*Activity*
Each line from the one holding "The code above" through the end of the records should be returned exactly, while pictures are skipped.

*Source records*
▶
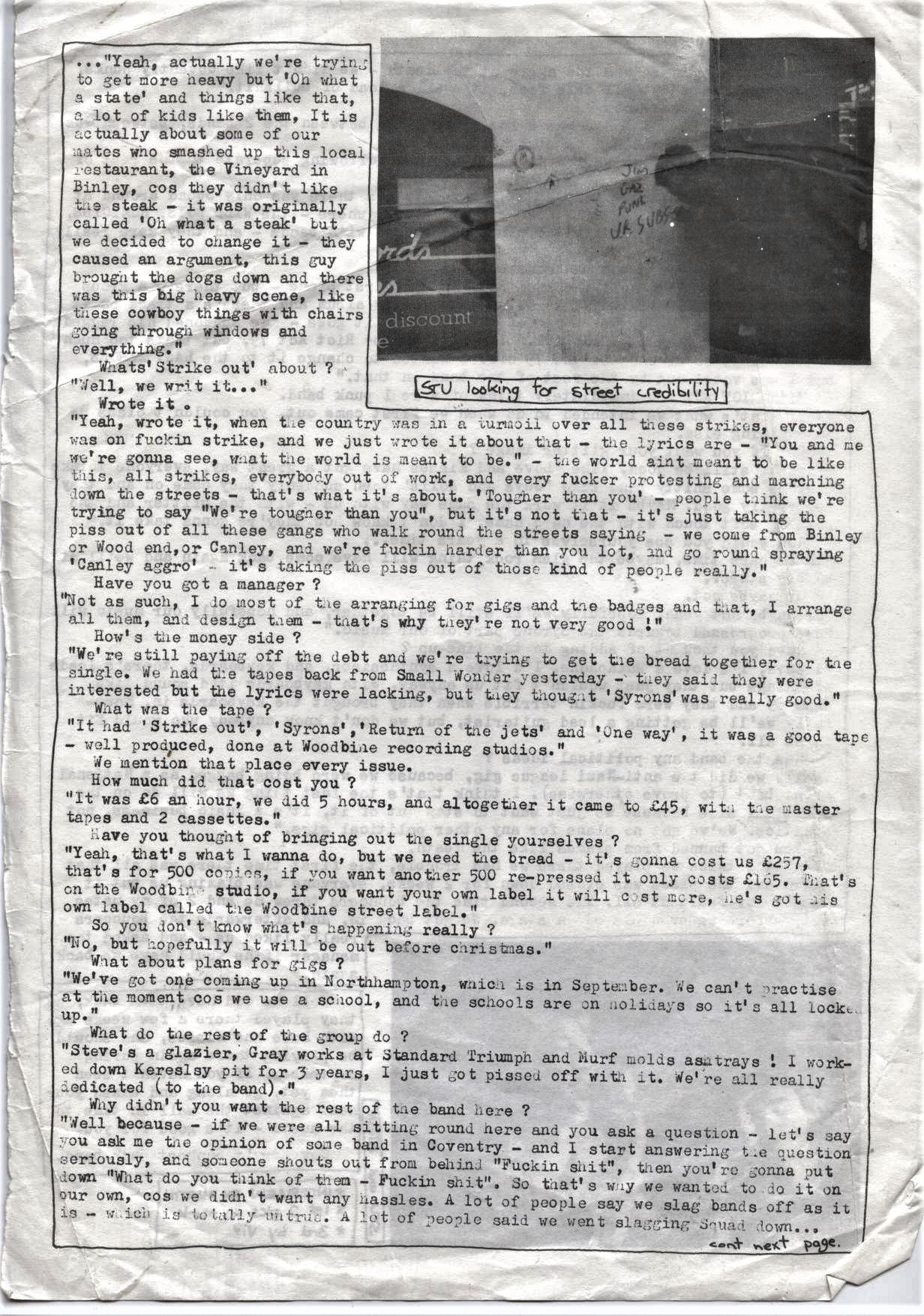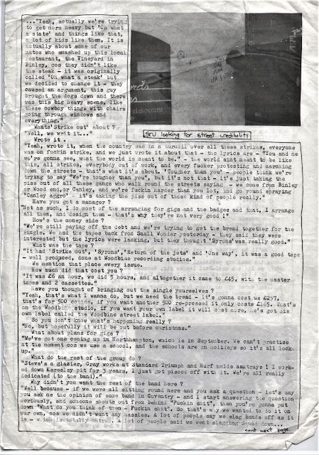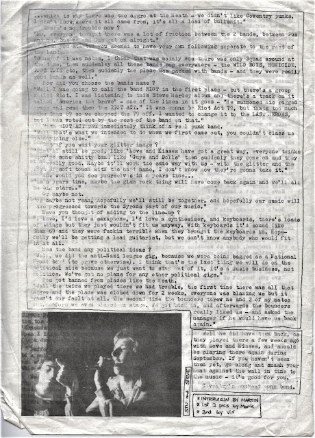 Well because – if we were all sitting round here and you ask a question – lets say you ask me the opinion of some band in Coventry – and I start answering the question seriously and someone shuts out from behind “Fuckin’shit”, then you’re gonna put down “What do you think of them – Fucking Shit”. So that’s why we wanted to do it our own, cos we didn’t want any hassles. A lot of people say we slag bands off as it is – which is totally untrue. A lot of people said we went slagging Squad down….which is why there was aggro at the Heath – we didn’t like Coventry punks, I don’t know where it all came from, it’s a load of bullshit.
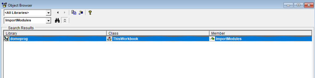 The code above will run the macro called ‘ImportModules’ one second after the workbook is opened.
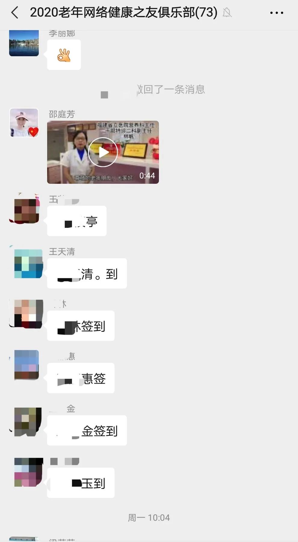 老年健康之友俱乐部是以俱乐部的形式,定期组织多学科专家现场为老年患者普及健康科普知识,寓教于乐。俱乐部开办15年来,受益者超8万余人,已打造成我院科普公益的精品项目。每一期俱乐部开班前,老年朋友都早早报名。今年由于常态化疫情防控形势,俱乐部改为网络办班模式,通过微信群完成视频学习和知识问答等,实现“学员不到院,网课不停教”。本期俱乐部由护理部发起,老年护理专科主办,糖尿病护理专科、中医护理专科、呼吸护理专科联办,让医护人员意想不到的是,60个学员名额也是短短几天内就报满了。
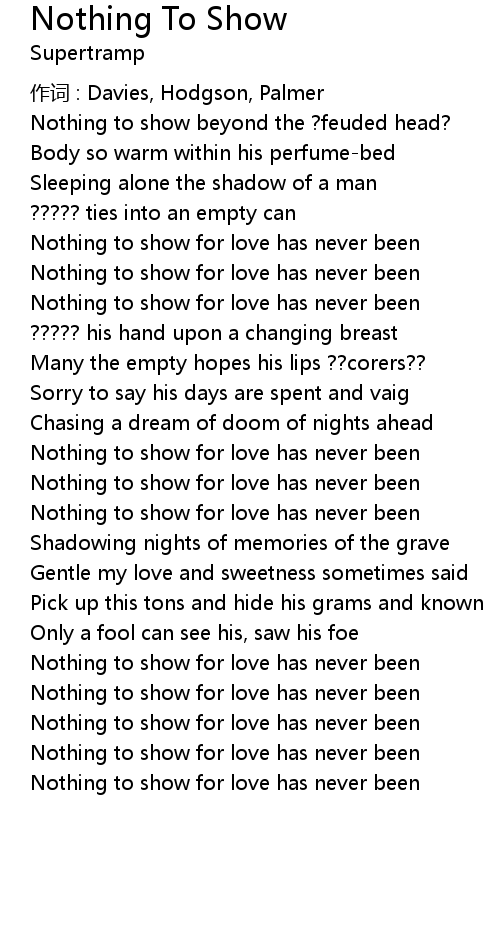 | Nothing to show for love has never been | |
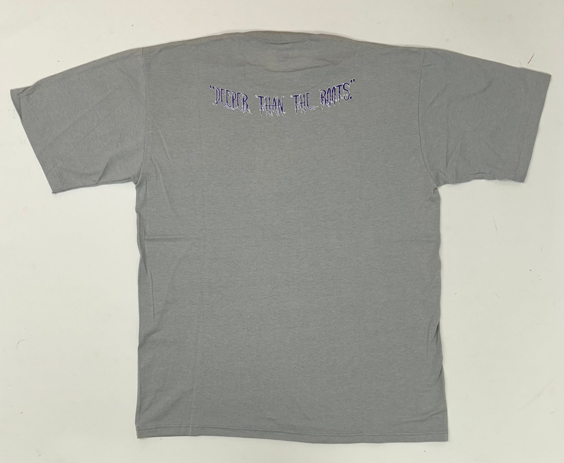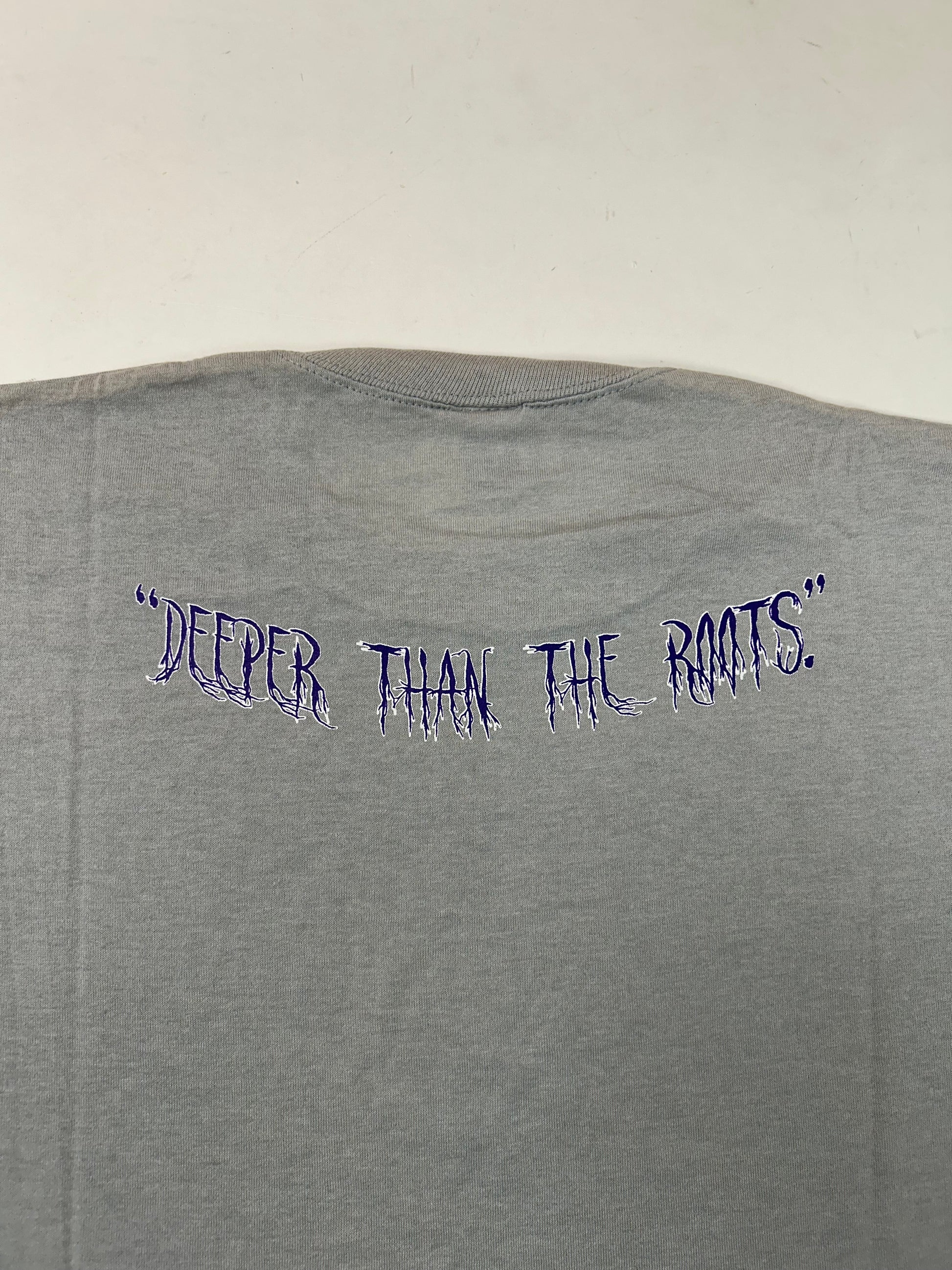 Edgewood NJ first edition “Deeper Than The Roots.” Tee XL/L Fit 22.5x29.5 Inches 90s Jerzees 50/50 Blend USA Made Slate Gray
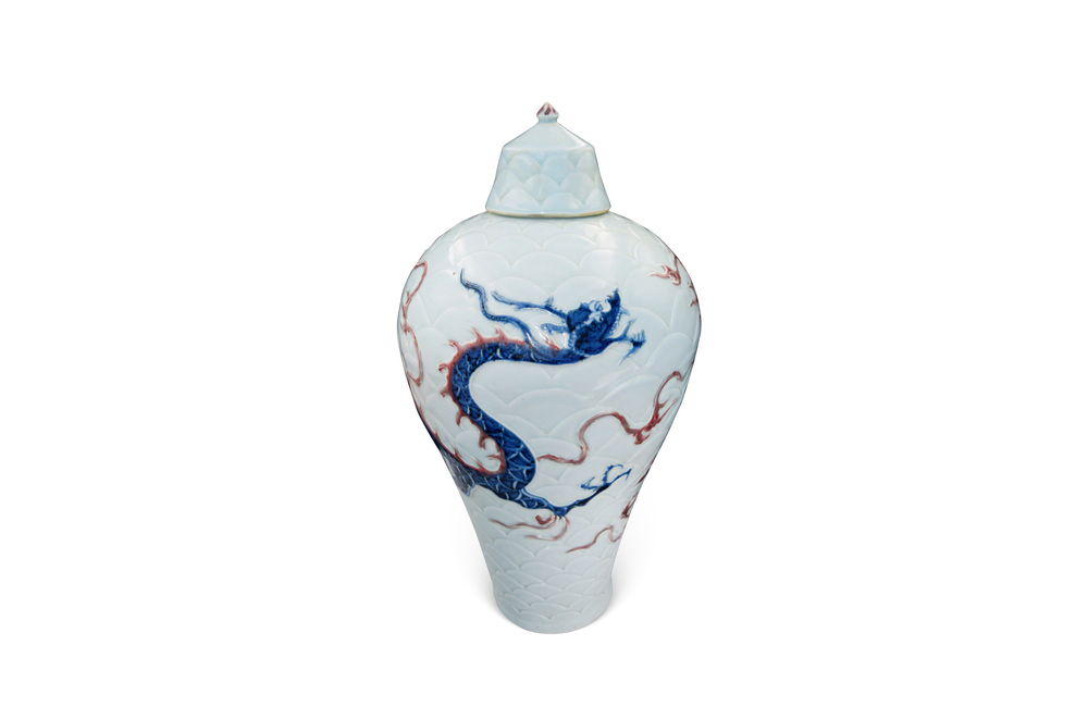 202501_232 卵白釉青花釉里红海水龙纹梅瓶(有盖) 元代
◀
*Completed exercise*
 The code above will run the macro called ‘ImportModules’ one second after the workbook is opened.
 老年健康之友俱乐部是以俱乐部的形式,定期组织多学科专家现场为老年患者普及健康科普知识,寓教于乐。俱乐部开办15年来,受益者超8万余人,已打造成我院科普公益的精品项目。每一期俱乐部开班前,老年朋友都早早报名。今年由于常态化疫情防控形势,俱乐部改为网络办班模式,通过微信群完成视频学习和知识问答等,实现“学员不到院,网课不停教”。本期俱乐部由护理部发起,老年护理专科主办,糖尿病护理专科、中医护理专科、呼吸护理专科联办,让医护人员意想不到的是,60个学员名额也是短短几天内就报满了。
 | Nothing to show for love has never been | |
 Edgewood NJ first edition “Deeper Than The Roots.” Tee XL/L Fit 22.5x29.5 Inches 90s Jerzees 50/50 Blend USA Made Slate Gray
 202501_232 卵白釉青花釉里红海水龙纹梅瓶(有盖) 元代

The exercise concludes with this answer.